Dane Groeneveld: The nice thing about that is that it's open and available to everyone. It's in a language that's accessible regardless of your beliefs, regardless of your life background, it's just right there in front of you to take hold of.
Chris Schembra: Our entire second book, Gratitude Through Hard Times: Finding Positive Benefits Through Your Darkest Hour is all just my modern interpretation of ancient stoic philosophy. That's all it is.
Dane Groeneveld: Yeah.
Chris Schembra: That's all it is.
Dane Groeneveld: No, I love it. So, pasta sauce, obviously, a great catalyst for moving that forward. Paul Newman is one of my heroes, and I love what he started to do with his pasta sauce, and obviously around some different end goals around helping children in need and creating the camps and some of the stuff that he did. But there's this theme here around eating. There's this theme around stoicism. And there's also a theme around businesses struggling right now more than ever before, because they're responsible leaders, business leaders, HR managers, department managers, are now responsible for the experience of their employees more so than ever in history. So, how are you bringing pasta sauce to have good outcomes? How are you bringing some of these gratitude practices in teams, in the businesses that you're working with?
Chris Schembra: Well, great question. Then I'm going to turn my back on pasta sauce in a sec. We started off with those free dinner parties, and the dinner parties were again in our home, for free, you show up with a bottle of wine, you're going to cry, you're going to meet amazing people, you're likely going to leave the dinner party and go quit your job and pursue a life of passion. I don't know. Or come out gay, or forgive your mother, or I don't know. Do something. So, this crazy( beep) was going on. The rule of our dinner parties was that the first time you come, you come alone, the second time you come, you bring a friend. After that, you're eligible to nominate someone.

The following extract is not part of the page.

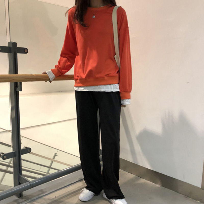 秋裝原宿假兩件慵懶風衛衣女2018新款學生韓版寬松長袖上衣套頭衫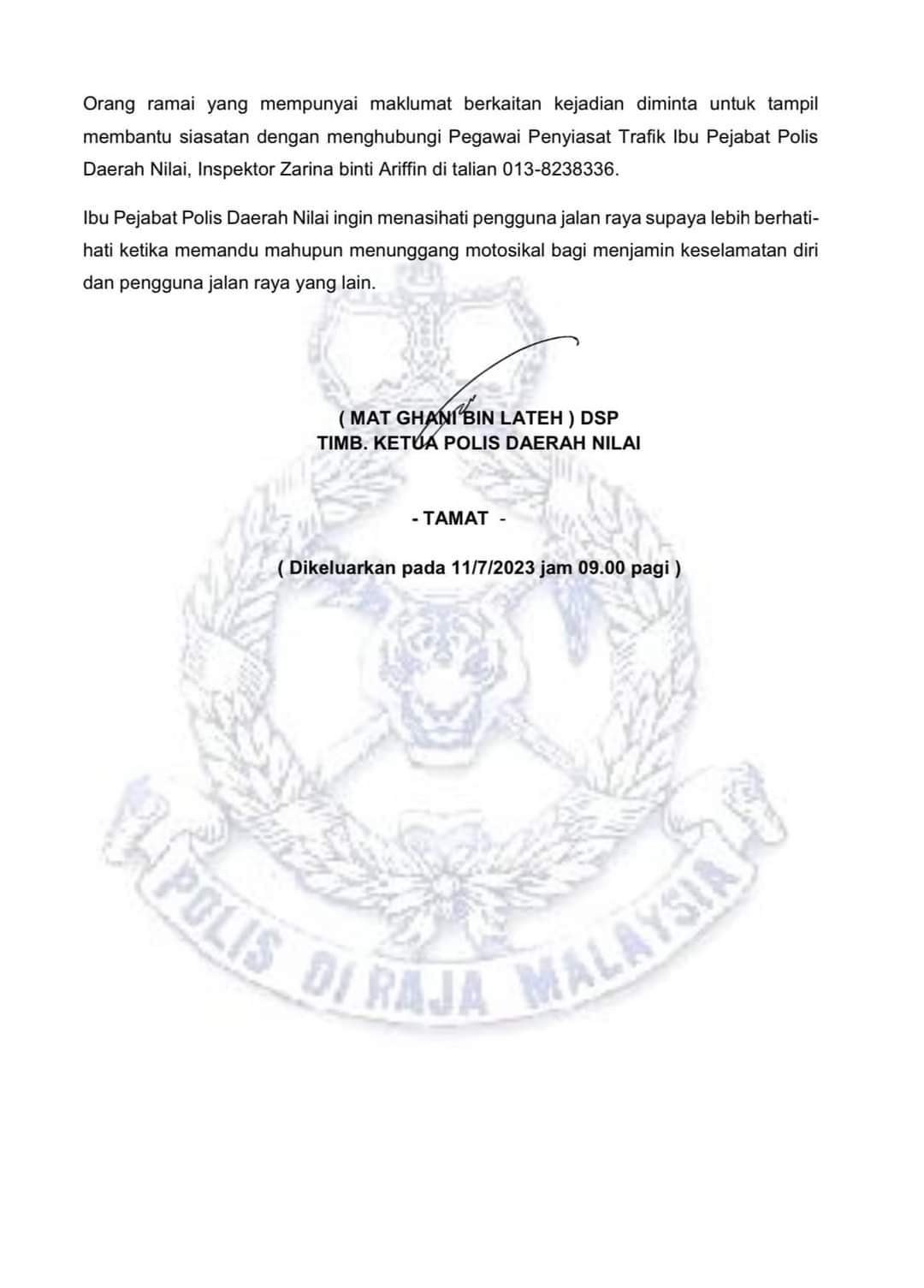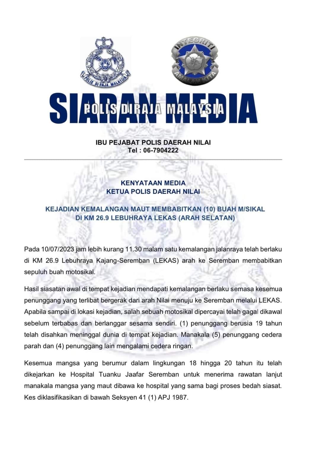 Ketua Polis Daerah Nilai, Mat Ghani berkata, kejadian ini berlaku pada jam 11.30 malam, 10 Julai di KM26.9 Lebuhraya Kajang-Seremban (LEKAS) membabitkan 10 motosikal.

So, if you come to my dinner table and I make you cry, and I give you a life transformational experience, and I say, " Hey, Dane, you did so good that you get to come again, invite a friend." Now, you think back into your life and you say, " Who's the coolest cat that I can bring to this dinner party?" And you invite some epic mother( beep), and those people would end up becoming our first clients, the people that were invited through friends of friends. Our social network was growing rapidly because of that come alone, invite a friend, nominate someone. Pretty soon, the door of our, at the time, studio apartment on the Upper West Side of Manhattan, seven years ago, our door was being knocked on by Fortune 500 CEOs, Academy Award winners, Grammy Award winners, Super Bowl champions, Hall of Fame athletes, and more like. It was epic. Eventually, those CEOs, they said, " Hey, man, you're pretty good at doing this whole connection thing. Why don't you meet me in London and let's put on a whole week's worth of dinner parties to help me and our company connect with our customers in London." You'd say, " All right, let's do it." That began the business. So, for 20... Well, technically, 2017, 2018, 2019, 98% of the dinner parties and events that we produced were for client- engagement purposes.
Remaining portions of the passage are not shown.